At 6/4/16, your "starting amount" for new state pension was calculated as the higher of
Old Rules
NI qualifying years/30 x £119.30 (Full Basic) + (Additional State Pension - Deduction for Contracting Out)
New Rules
{NI qualifying years/35 x £155.65 (Full NSP)} - Contracted Out Pension Equivalent.
Quite obviously your SA was given by the old rules calculation and was under the full NSP.
You still had a number of years before you would reach SPA.
Contributions/credits from 6/4/16 up to and including the last full tax year pre SPA could improve your SA up to (but not in excess of) a full NSP.
The COPE derives from the years when you were contracted out of Additional State Pension as a member of your employers' DB Pension Schemes.
Both you and your employers paid lower levels of NI to account for this.
Between 1978 and 1997, you were accruing a "Guaranteed Minimum Pension" within your occupational pensions and from then onwards up to 5/4/16, in order to remain contracted out, the scheme had to meet the "Reference Scheme Test" which meant that you were accruing Section 9(2B) rights within the Scheme pension.

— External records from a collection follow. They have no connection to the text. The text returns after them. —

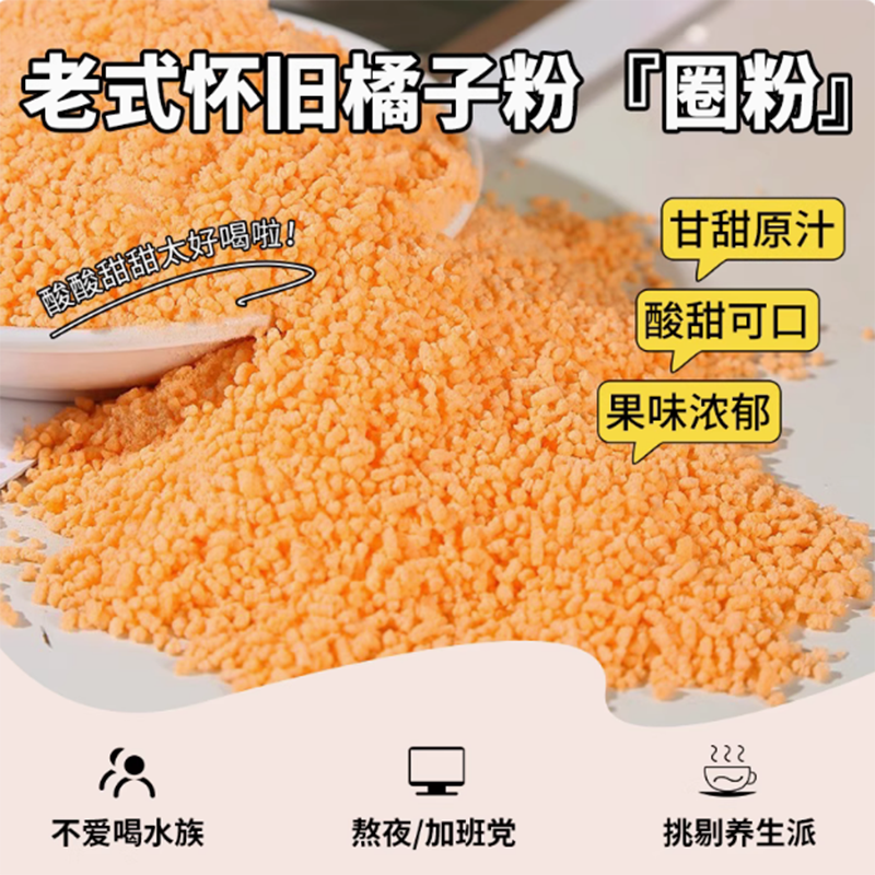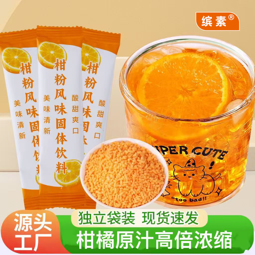 Оранжевый порошковый напиток, старый бренд поколения после 80-х годов, настоящий старомодный твердый напиток из порошка апельсина, фруктовый чайный напиток из порошка цитрусовых.
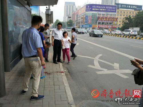 下午2时,记者来到事发的公交站看到,地上还有两大摊的鲜血,受伤男子已经被送往医院。据目击者称,受伤的男子大约有五十多岁,身着白色上衣、灰色裤子,当时他独自一人在等车。
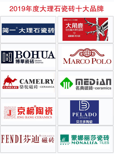 以下為2019年度大理石瓷磚十大品牌獲獎目錄:
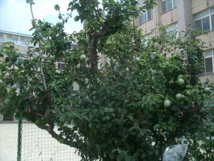 今年はたくさんの花梨(カリン)の実が付きました。今は緑色ですが秋には黄色くなりますよ。
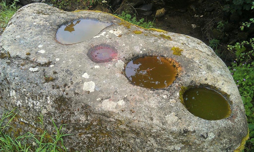 If some medieval bullauns within ecclesiastical contexts were used in metal processing, either prior to, or concurrently with, pilgrimage activity; then the possibility arises that residual traces of iron oxides within the ‘bowl’ may have had a similar effect as the one pictured. Standing out in the open air, being replenished with rain water, such features may have occasionally taken on an appearance of having a ‘blood red’ colour. If so, then the resulting symbolism and metaphor from a Christian perspective would have surely made for a powerful visual and quasi-mystical ‘statement’ in the landscape.

In effect, the schemes had to provide a benefit at least as great as you would have earned had you remained "contracted in".
It seems that you have now reached age 65 which is GMP age for a man.
You might wish to check the scheme booklets as to how your scheme pensions with GMP will increase post age 65.
You may well find that your scheme pensions are split into pre 88 GMP/post 88 GMP and excess.
It is likely that the scheme will pay no increase on pre 88 GMP and only up to 3% CPI on post 88 GMP with the balance increasing under scheme rules.
As to the transferred out pension, it is now simply a DC scheme and you can access it as advised by the provider.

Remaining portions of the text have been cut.